Several clinicians referenced the ongoing shift in how disease volume and tempo influence these decisions. For instance, in patients with low-volume but high-grade disease, or those who experience rapid PSA doubling, adding darolutamide earlier was considered reasonable. Others highlighted that genomic testing and molecular profiling may soon help identify those most likely to benefit from therapy intensification.

Managing toxicity and preserving quality of life

Across the discussion, participants underscored the importance of maintaining quality of life as treatment options expand. The relatively low rates of fatigue, hypertension, and cognitive adverse events seen with darolutamide were consistently cited as major advantages.

Clinicians shared their real-world observations that patients tend to tolerate darolutamide longer without dose interruptions. This, they noted, can translate into more consistent disease suppression and fewer therapy-related disruptions to daily life.

Practical management strategies included periodic laboratory monitoring, attention to cardiovascular risk factors, and collaboration with primary care physicians for patients on long-term ADT and AR inhibition. The panel agreed that proactive communication about side effects helps ensure adherence and patient confidence in treatment.
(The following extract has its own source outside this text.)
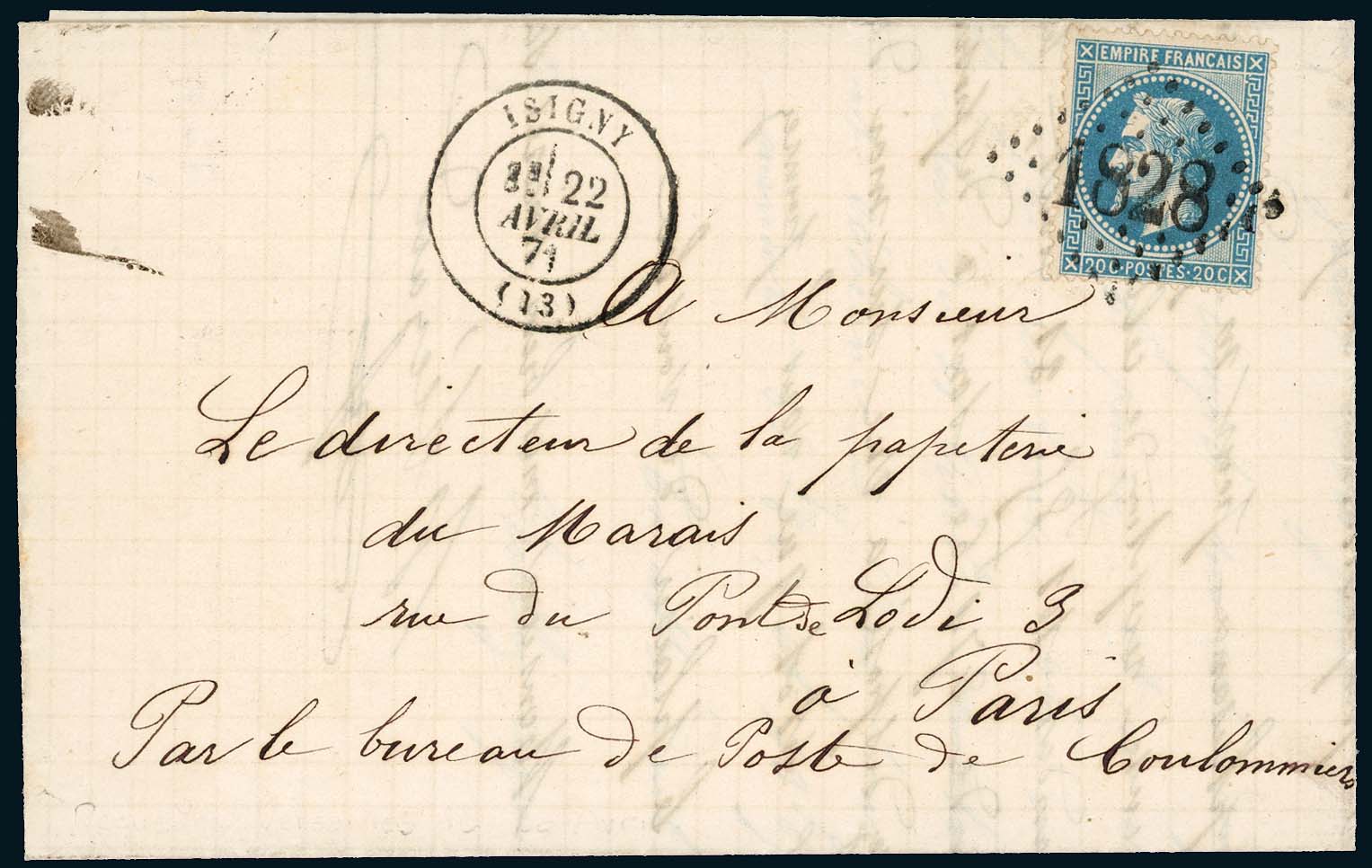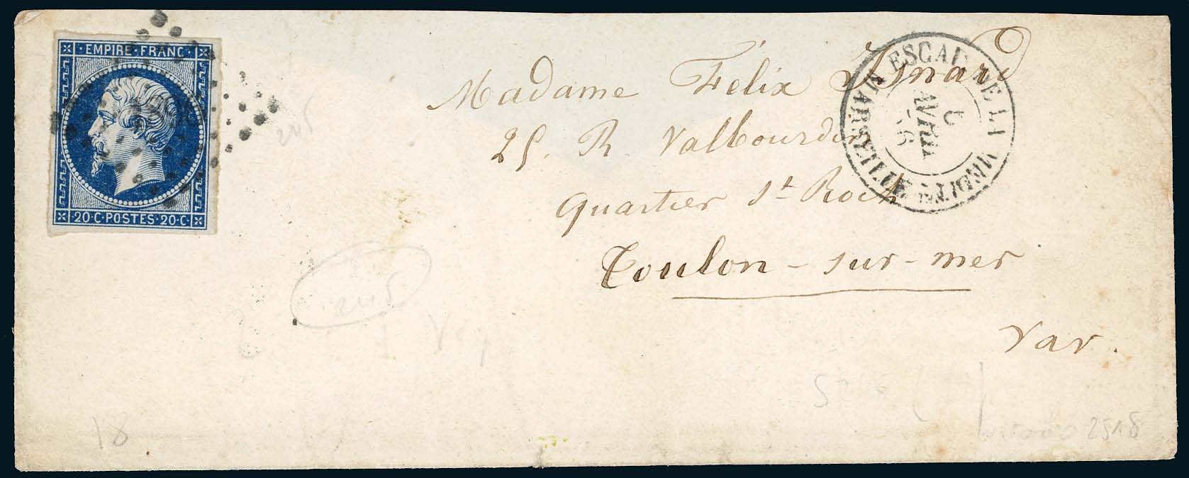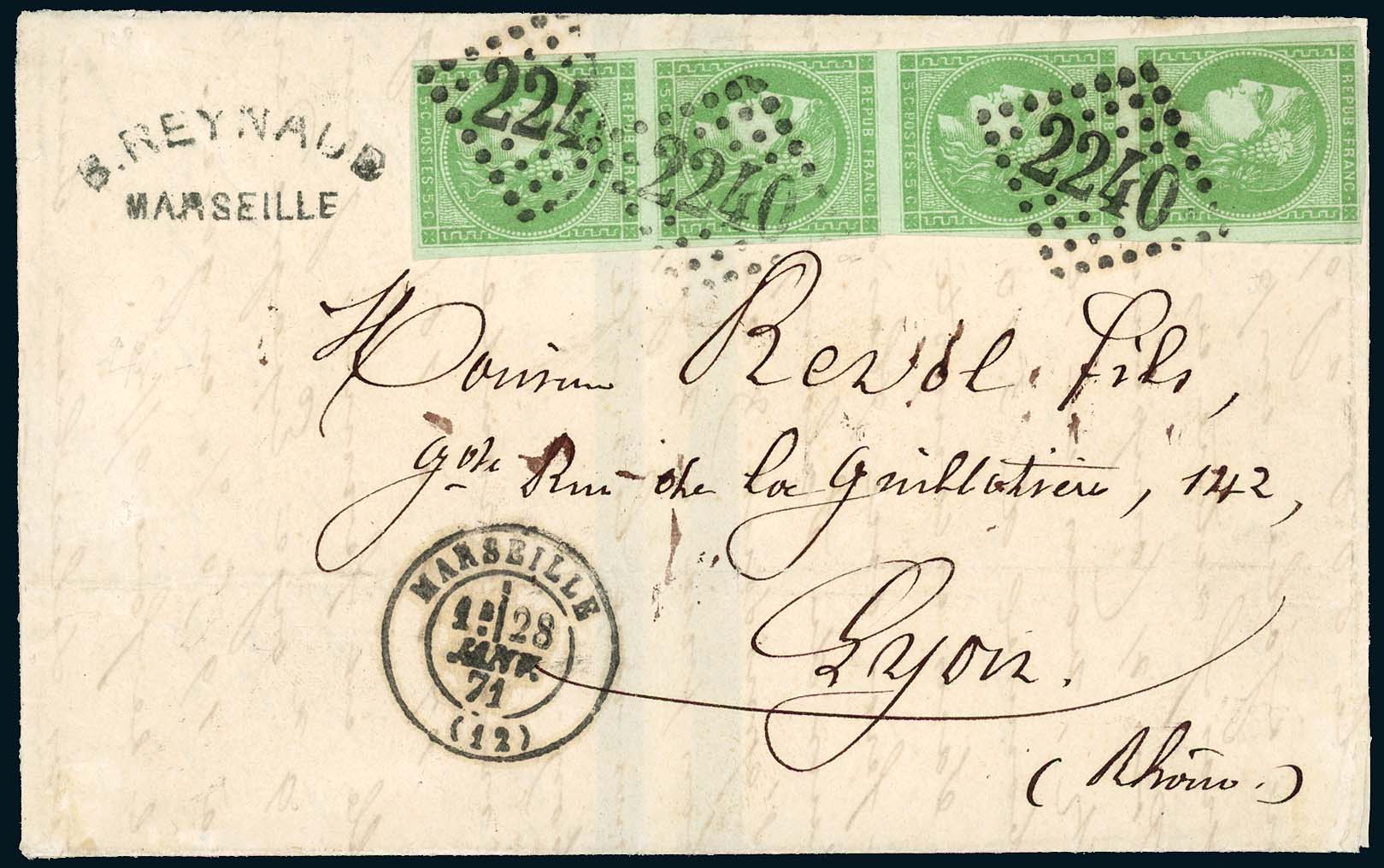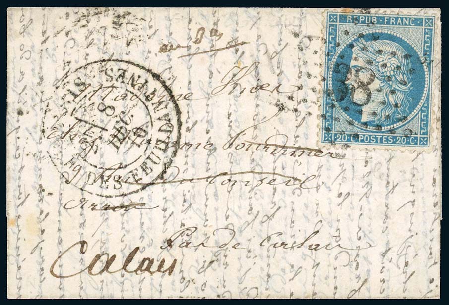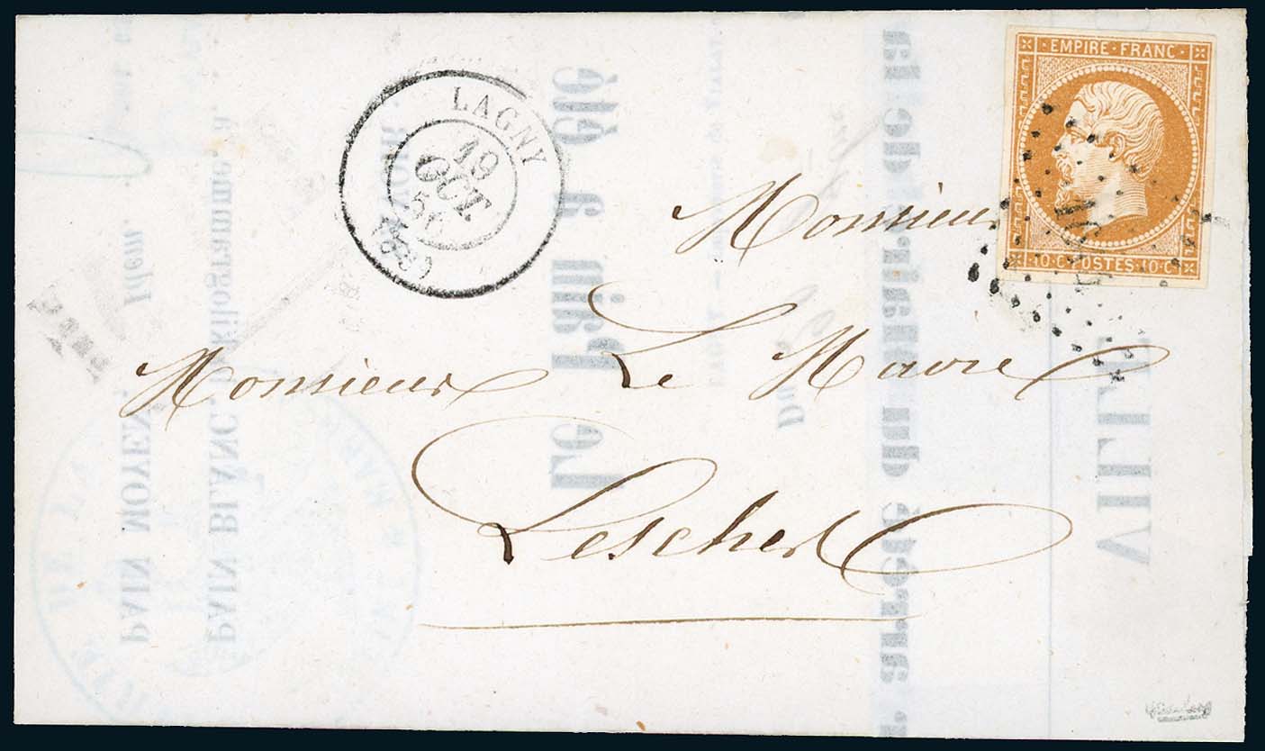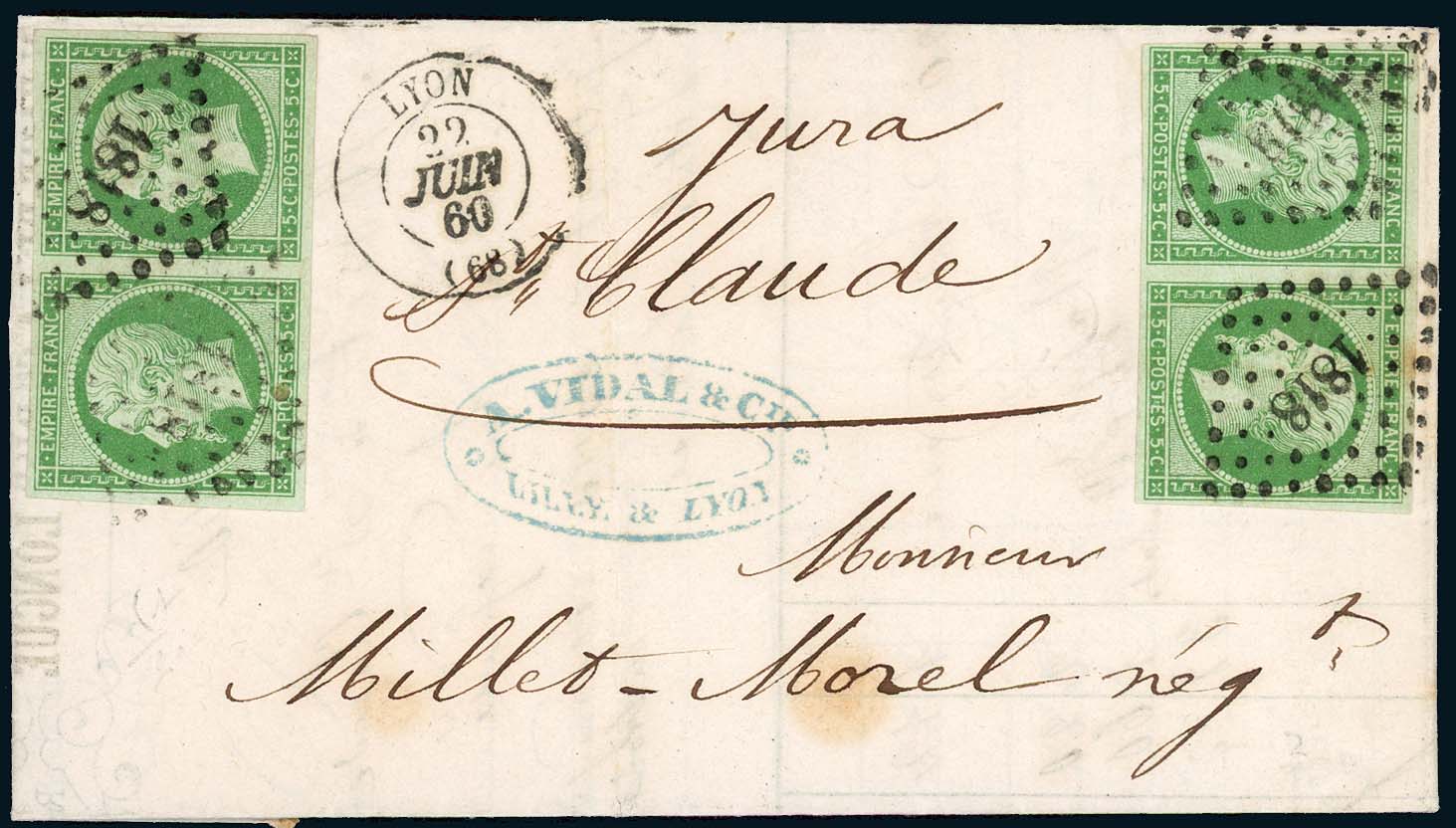 54 | N°3 OB PC 1896 sur lettre de Marseille pour Lyon (ex. Dubus) 29 janvier 1855 TB | 1250 | 1750 | 1250 | enchérir | |

Emerging data and future directions

The conversation also touched on future directions in therapy sequencing and biomarker-driven care. Participants expressed interest in emerging data exploring early use of AR inhibitors across disease stages and potential de-escalation strategies for patients achieving deep responses.

Cookson concluded by noting that ongoing studies will likely refine the role of darolutamide in both hormone-sensitive and castration-resistant settings. As combination strategies continue to evolve, balancing efficacy with tolerability will remain the cornerstone of care.

Conclusion

The Oklahoma City discussion underscored that management of mHSPC is no longer defined by a single standard approach. Instead, clinicians are integrating agents such as darolutamide into nuanced, patient-specific regimens that reflect both evidence and experience.

Darolutamide’s favorable tolerability profile and proven efficacy in combination therapy have made it an increasingly important part of that discussion—offering clinicians flexibility to tailor treatment intensity without sacrificing outcomes.